TASK REQUIREMENTS -> Copy nothing from the entries below except the lines from the one containing "Sortija de pp." through the one containing "Pirão de aipim, carne", and copy those exactly.
EXTRACTED MATERIAL START
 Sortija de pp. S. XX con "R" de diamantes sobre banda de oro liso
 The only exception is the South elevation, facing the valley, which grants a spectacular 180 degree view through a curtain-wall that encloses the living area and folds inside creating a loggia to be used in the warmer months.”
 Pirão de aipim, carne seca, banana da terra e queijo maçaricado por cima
EXTRACTED MATERIAL END
EXTRACTED MATERIAL START
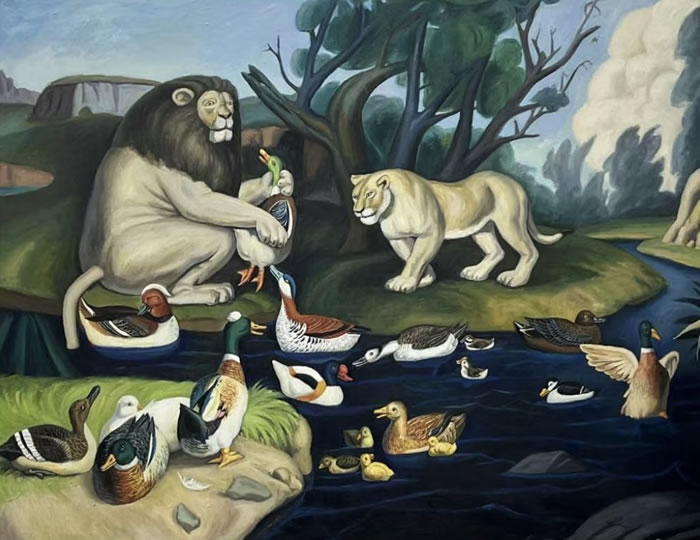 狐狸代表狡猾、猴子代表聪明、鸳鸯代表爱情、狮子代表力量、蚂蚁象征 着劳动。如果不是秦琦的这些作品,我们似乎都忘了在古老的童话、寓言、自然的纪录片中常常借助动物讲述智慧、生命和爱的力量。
EXTRACTED MATERIAL END
TASK RESULT ->
 Sortija de pp. S. XX con "R" de diamantes sobre banda de oro liso
 The only exception is the South elevation, facing the valley, which grants a spectacular 180 degree view through a curtain-wall that encloses the living area and folds inside creating a loggia to be used in the warmer months.”
 Pirão de aipim, carne seca, banana da terra e queijo maçaricado por cima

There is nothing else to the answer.